- Directed by: Tadeusz Jaworski
- Written by: Jack Winter Tadeusz Jaworski
- Produced by: Tadeusz Jaworski
- Starring: Vernon Macgoughan, Bob Hogg, Frank McNutt, Pamela Winter
- Narrated by: Jon Granik
- Cinematography: Bruce Allen Stanley Lipinski
- Edited by: Martin Pepler
- Music by: Peter Cornell
- Production company: Unit Productions
- Distributed by: Humber College
- Release date: 1972;
- Running time: 32 minutes
- Country: Canada
- Language: English

= Selling Out (film) =

1972 film

Selling Out is a 1972 Canadian short film for cinema and TV produced and directed by Tadeusz Jaworski, and written by Jaworski and Jack Winter.

At the 45th Academy Awards in 1973, it was nominated for an Academy Award (Short Subject), and was named Best Documentary at the 24th Canadian Film Awards.

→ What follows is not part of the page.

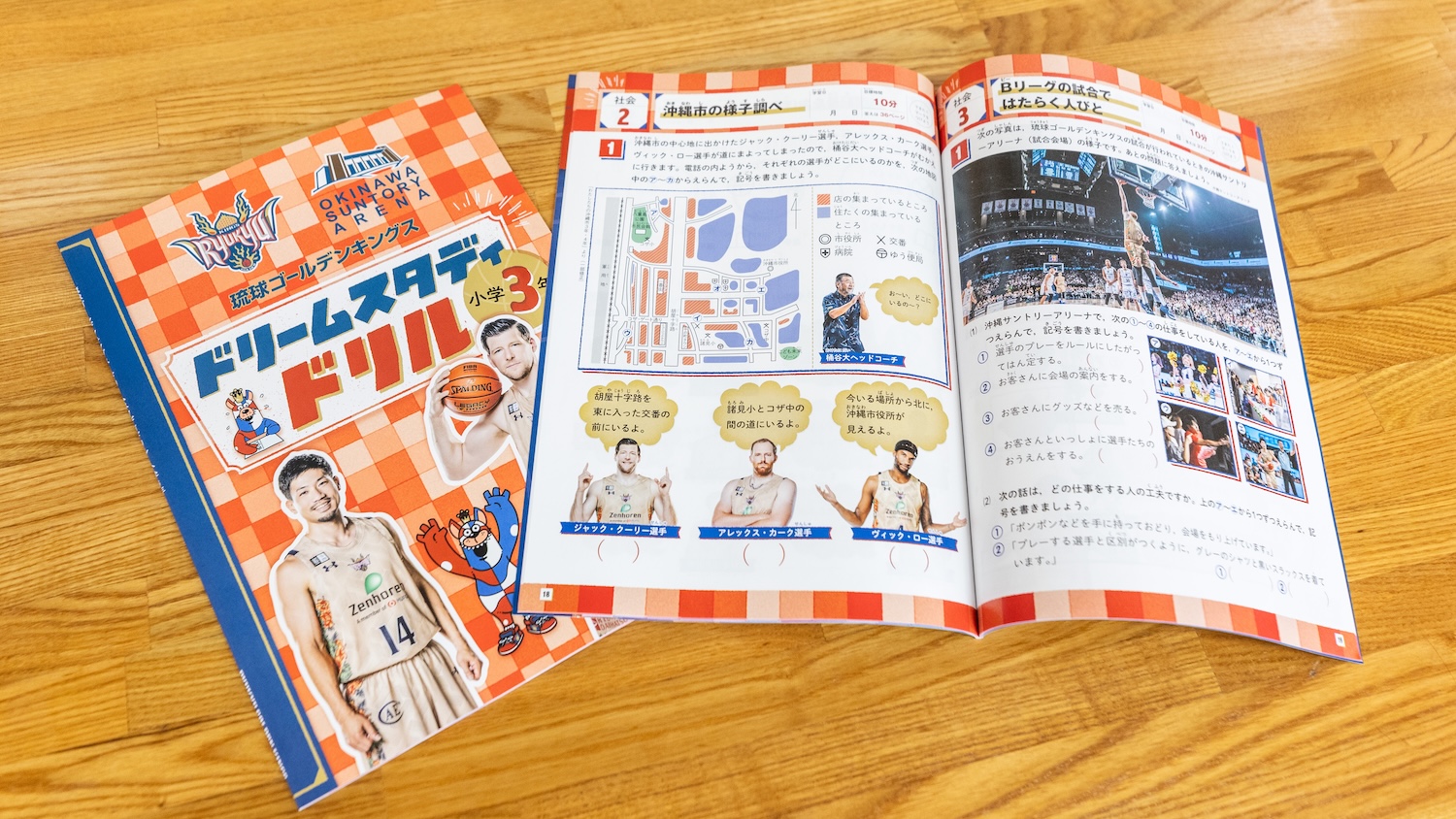 「ドリームスタディドリル」には、キングスの選手やマスコットが登場し、国語・算数などの基礎学習に加え、沖縄市の文化や歴史、地域資源を学べる内容を収録しています。

The film was sponsored by the Humber College of Applied Arts and Technology and is about a Prince Edward Island farmer who, because his children have moved away, must sell the farm that has been in his family for generations. It raises the question of whether government should prevent the sale of Canadian farms to non-Canadians.